Activity:
All of the data that follows is to be printed exactly, without pictures.

Stored data:
++++

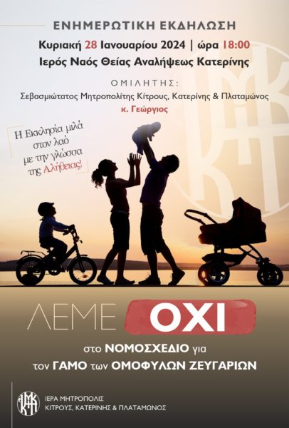 Πολλές ενημερωτικές εκδηλώσεις σε ολόκληρη την Πιερία διοργάνωσε η Ιερά Μητρόπολη Κίτρους, Κατερίνης και Πλαταμώνος, με αφορμή το προωθούμενο νομοσχέδιο που αφορά τον γάμο των ομοφυλόφιλων ζευγαριών και το οποίο αλλοιώνει, φθείρει, υπονομεύει και καταργεί τον ιερό θεσμό του γάμου και της οικογένειας.
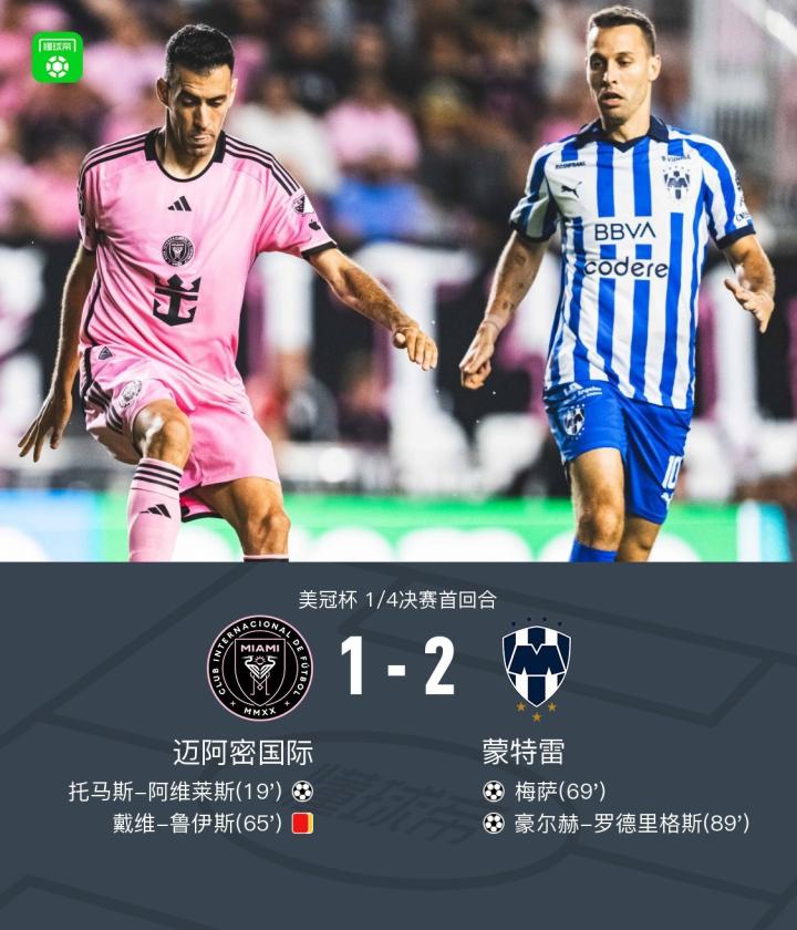 十人迈阿密国际1-2遭蒙特雷绝杀逆转,梅西缺阵,梅萨传射
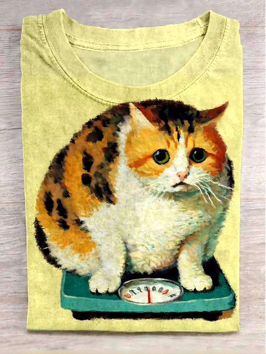 Fun Weigh Cat Print Crew Neck Short Sleeve T-Shirt
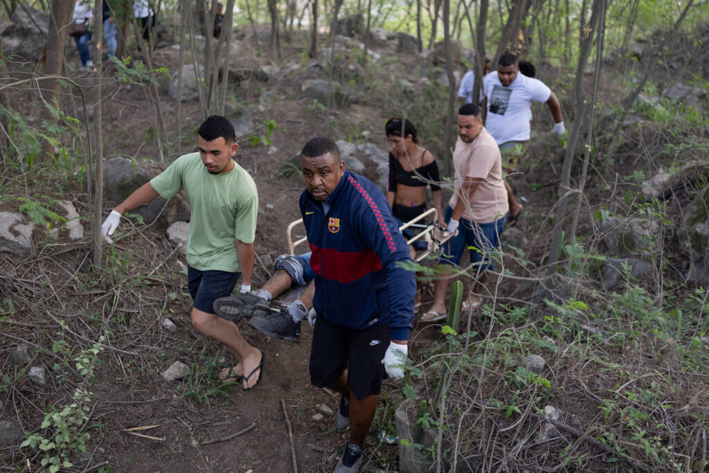 Ao longo da tarde e noite de terça e madrugada de quarta, moradores, com apoio de mototaxistas, foram até a mata buscar os corpos. Dezenas deles foram levados a uma praça na Penha, onde foram enfileirados.

++++

Output of the exercise:
 Πολλές ενημερωτικές εκδηλώσεις σε ολόκληρη την Πιερία διοργάνωσε η Ιερά Μητρόπολη Κίτρους, Κατερίνης και Πλαταμώνος, με αφορμή το προωθούμενο νομοσχέδιο που αφορά τον γάμο των ομοφυλόφιλων ζευγαριών και το οποίο αλλοιώνει, φθείρει, υπονομεύει και καταργεί τον ιερό θεσμό του γάμου και της οικογένειας.
 十人迈阿密国际1-2遭蒙特雷绝杀逆转,梅西缺阵,梅萨传射
 Fun Weigh Cat Print Crew Neck Short Sleeve T-Shirt
 Ao longo da tarde e noite de terça e madrugada de quarta, moradores, com apoio de mototaxistas, foram até a mata buscar os corpos. Dezenas deles foram levados a uma praça na Penha, onde foram enfileirados.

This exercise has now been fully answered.